America’s broken political system

In his NYT column today, Paul Krugman remembers that when he started writing for the public prints he entertained the idea that serious people in public life were prepared to have their views changed by reasoned argument. The current US Congress has cured him of that illustion:

Talk to conservatives about the financial crisis and you enter an alternative, bizarro universe in which government bureaucrats, not greedy bankers, caused the meltdown. It’s a universe in which government-sponsored lending agencies triggered the crisis, even though private lenders actually made the vast majority of subprime loans. It’s a universe in which regulators coerced bankers into making loans to unqualified borrowers, even though only one of the top 25 subprime lenders was subject to the regulations in question.

Oh, and conservatives simply ignore the catastrophe in commercial real estate: in their universe the only bad loans were those made to poor people and members of minority groups, because bad loans to developers of shopping malls and office towers don’t fit the narrative.

In part, the prevalence of this narrative reflects the principle enunciated by Upton Sinclair: “It is difficult to get a man to understand something when his salary depends on his not understanding it.” As Democrats have pointed out, three days before the House vote on banking reform Republican leaders met with more than 100 financial-industry lobbyists to coordinate strategies. But it also reflects the extent to which the modern Republican Party is committed to a bankrupt ideology, one that won’t let it face up to the reality of what happened to the U.S. economy.

So it’s up to the Democrats — and more specifically, since the House has passed its bill, it’s up to “centrist” Democrats in the Senate. Are they willing to learn something from the disaster that has overtaken the U.S. economy, and get behind financial reform?

Which neatly brings us to Michael Tomasky’s sobering column about how dysfunctional Congress has become.

Watching American politics through British eyes, you must be utterly mystified as to why Barack Obama hasn’t gotten this healthcare bill passed yet. Many Americans are too. The instinctive reflex is to blame Obama. He must be doing something wrong. Maybe he is doing a thing or two wrong. But the main thing is that America’s political system is broken.

How did this happen? Two main factors made it so. The first is the super-majority requirement to end debate in the Senate. The second is the near-unanimous obstinacy of the Republican opposition. They have made important legislative work all but impossible.

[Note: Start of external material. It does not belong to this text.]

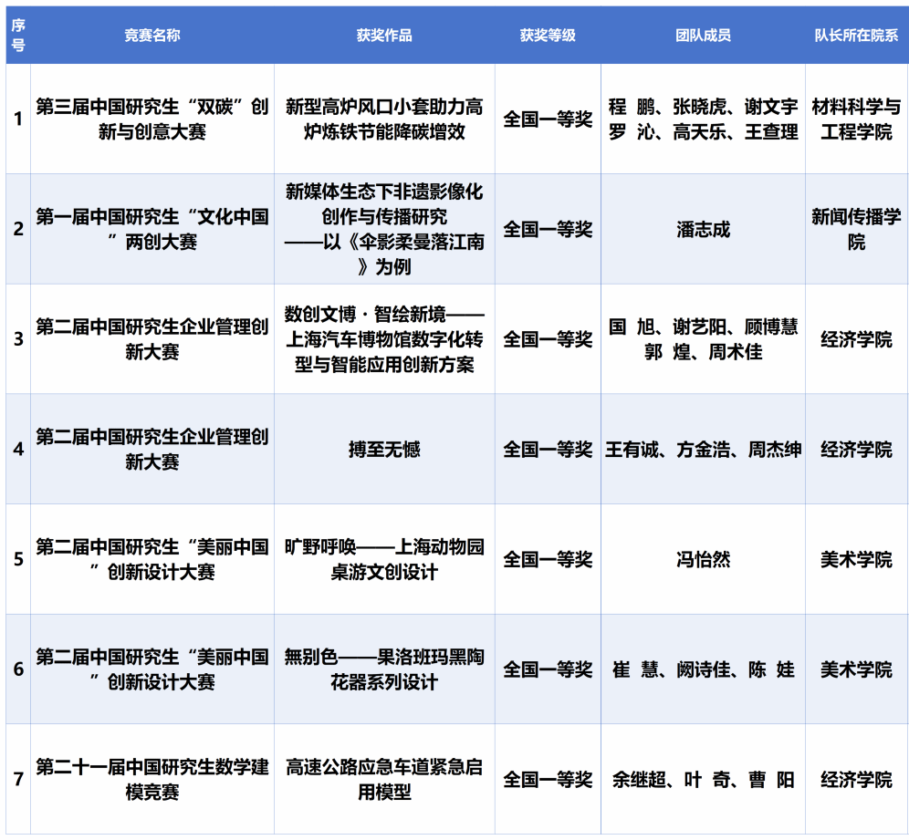 我校研究生在全部19项赛事中共斩获国家级奖项167项,其中全国一等奖7项、全国二等奖59项、全国三等奖101项,获奖总数相比上一年增长36.9%,学校也荣获9个主题赛事的“优秀组织奖”。

The super-majority requirement – 60 votes, or three-fifths of the Senate, to end debate and move to a vote on final passage – has been around since the 19th century. But it’s only in the last 10 to 15 years that it has been invoked routinely. Back in Lyndon Johnson’s day – a meaningful comparison since American liberals are always wondering why Obama can’t be “tough” like Johnson – the requirement was reserved for only the most hot-button issues (usually having to do with race). Everything else needed only 51 votes to pass, a regular majority.

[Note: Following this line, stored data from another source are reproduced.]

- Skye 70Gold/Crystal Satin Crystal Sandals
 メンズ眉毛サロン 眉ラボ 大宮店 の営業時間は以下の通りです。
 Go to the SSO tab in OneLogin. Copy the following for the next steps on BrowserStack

Both parties have contributed to this problem. But guess which has contributed more? In 2007, when they became the minority party for the first time in five years, the Republicans invoked the super-majority measure 60 times, an all-time record for a single year.

And Obama’s problems are not limited to Republicans, of course. Think of it this way: in a 100-seat body, getting 51 votes is hard but not impossible. But getting those 57th, 58th, 59th and 60th votes to end debate … Well, the situation gives those senators incredible bargaining power. They can basically dictate terms in exchange for their votes. Which is exactly what senators Ben Nelson (Democrat of Nebraska), Joe Lieberman (independent of Connecticut), Olympia Snowe (Republican of Maine) and others have been doing publicly for weeks. A sharp friend has mordantly taken to referring to them as “President Nelson”, “President Lieberman” and “President Snowe” in emails. My friend is not exaggerating. With regard to the final content of the Senate bill, each has more power than Obama.

And the result: a huge, rich, smart nation that can’t fix even its most pressing problems. Or, in Tomasky’s words, “a distended nightmarish version of what the founders wanted. We’ve got a Congress that can not only stand up to the executive branch but can (at least on domestic matters) dictate terms to it. And we have a minority that has the power to stop the majority from doing much of anything”.

And the depressing thing is that there’s nothing Obama can do about it.